What’s up with the SLIAC?

Two SLIAC teams dropped football this offseason, and now the rumblings are growing that the SLIAC and UMAC are getting back into their alliance.

The leagues split up a couple of years ago as each tried to pursue an automatic bid independently. The SLIAC got close and was on track to get a tourney bid as early as 2010 before Blackburn and Principia dropped the sport this offseason. Huntingdon and LaGrange, which joined the league as football-only affiliates, brought the SLIAC’s total to eight, but with just six playing the sport next season, the league won’t qualify.

The UMAC has just five football-playing members, and not many opportunities to add to that total unless other schools in the league add the sport. St. Scholastica brought the total to five.

A renewal of the UMAC-SLIAC alliance would bring the total to nine teams and restart the two-year waiting period clock, with, potentially, 2009 and 2010 as waiting years and 2011 as an automatic bid. Of course, that would likely leave Huntingdon and LaGrange back out in the cold, as two teams in the Southeast with nine teams scattered from St. Louis to Duluth, Minn.

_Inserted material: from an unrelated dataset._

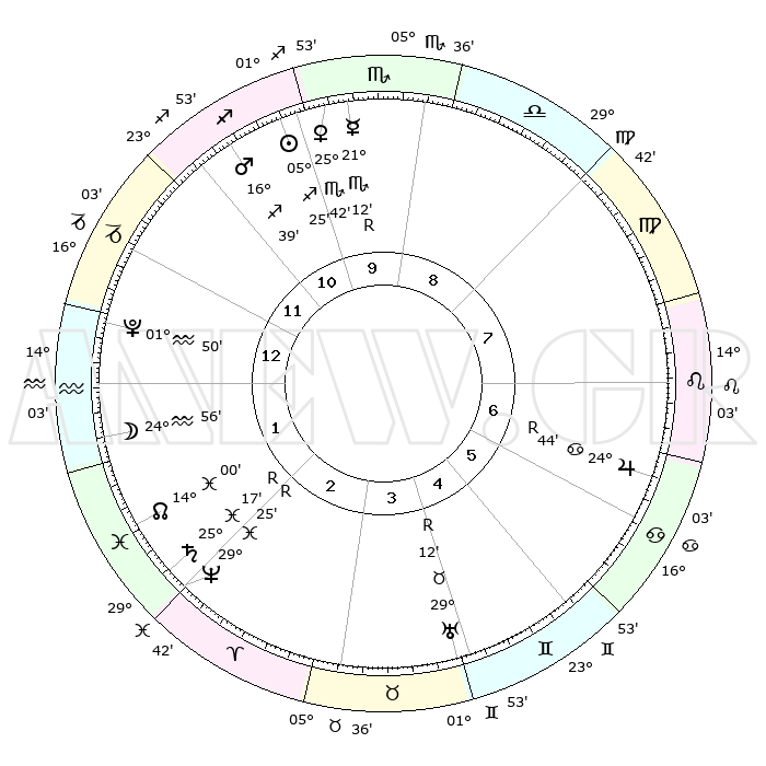 | | ΘΕΣΕΙΣ ΠΛΑΝΗΤΩΝ ΑΣΤΡΟΛΟΓΙΚΟΥ ΧΑΡΤΗ ΤΗΣ ΣΤΙΓΜΗΣ ΑΥΤΗΣ | | | | Πλανήτης | Ζώδιο | Μοίρες | Δεκαήμ. | Σε οίκο | Απόκλιση | | Ακμές των οίκων | | Ηλιος | Τοξότης | 05°22' | Πρώτο | 10 | 21 S 12 | | 1ος | 28°44' | Αιγόκερως | | Σελήνη | Υδροχόος | 24°30' | Τρίτο | 1 | 14 S 58 | | 2ος | 12°37' | Ιχθείς | | Ερμής | Σκορπιός | 21°13'R | Τρίτο | 10 | 15 S 50 | | 3ος | 21°16' | Κριός | | Αφροδίτη | Σκορπιός | 25°40' | Τρίτο | 10 | 18 S 22 | | 4ος | 19°57' | Ταύρος | | Αρης | Τοξότης | 16°38' | Δεύτερο | 11 | 23 S 23 | | 5ος | 12°48' | Δίδυμοι | | Δίας | Καρκίνος | 24°44'R | Τρίτο | 6 | 21 N 19 | | 6ος | 04°11' | Καρκίνος | | Κρόνος | Ιχθείς | 25°17'R | Τρίτο | 2 | 04 S 04 | | 7ος | 28°44' | Καρκίνος | | Ουρανός | Ταύρος | 29°12'R | Τρίτο | 4 | 19 N 46 | | 8ος | 12°37' | Παρθένος | | Ποσειδώνας | Ιχθείς | 29°25'R | Τρίτο | 2 | 01 S 28 | | 9ος | 21°16' | Ζυγός | | Πλούτωνας | Υδροχόος | 01°50' | Πρώτο | 1 | 23 S 25 | | 10ος | 19°57' | Σκορπιός | | Β. Δεσμός | Ιχθείς | 14°00' | Δεύτερο | 2 | 06 S 18 | | 11ος | 12°48' | Τοξότης | | Ωροσκόπος | Αιγόκερως | 28°44' | Τρίτο | | | 12ος | 04°11' | Αιγόκερως | | Μεσουράνημα | Σκορπιός | 19°57' | Δεύτερο | | | |

One school reportedly jumped the gun and released news on its Web site, though that release has since been pulled. The SLIAC declined comment, while UMAC commissioner Corey Borchardt would not take questions but gave the following statement to D3sports.com: “We currently only have five institutions that offer football. Certainly any time that we can look to expand the number of institutions that offer football, we would want to do that. We want to see that number increase and hope to do so for the AQ and for scheduling purposes.”

Hopefully Huntingdon and LaGrange are calling all of the SCAC schools left in the lurch by Colorado College, because if they end up with eight conference games plus a Dome Day, then that’s nine games and I doubt many will choose to play a 10th game and honor their commitment to Huntingdon and LaGrange.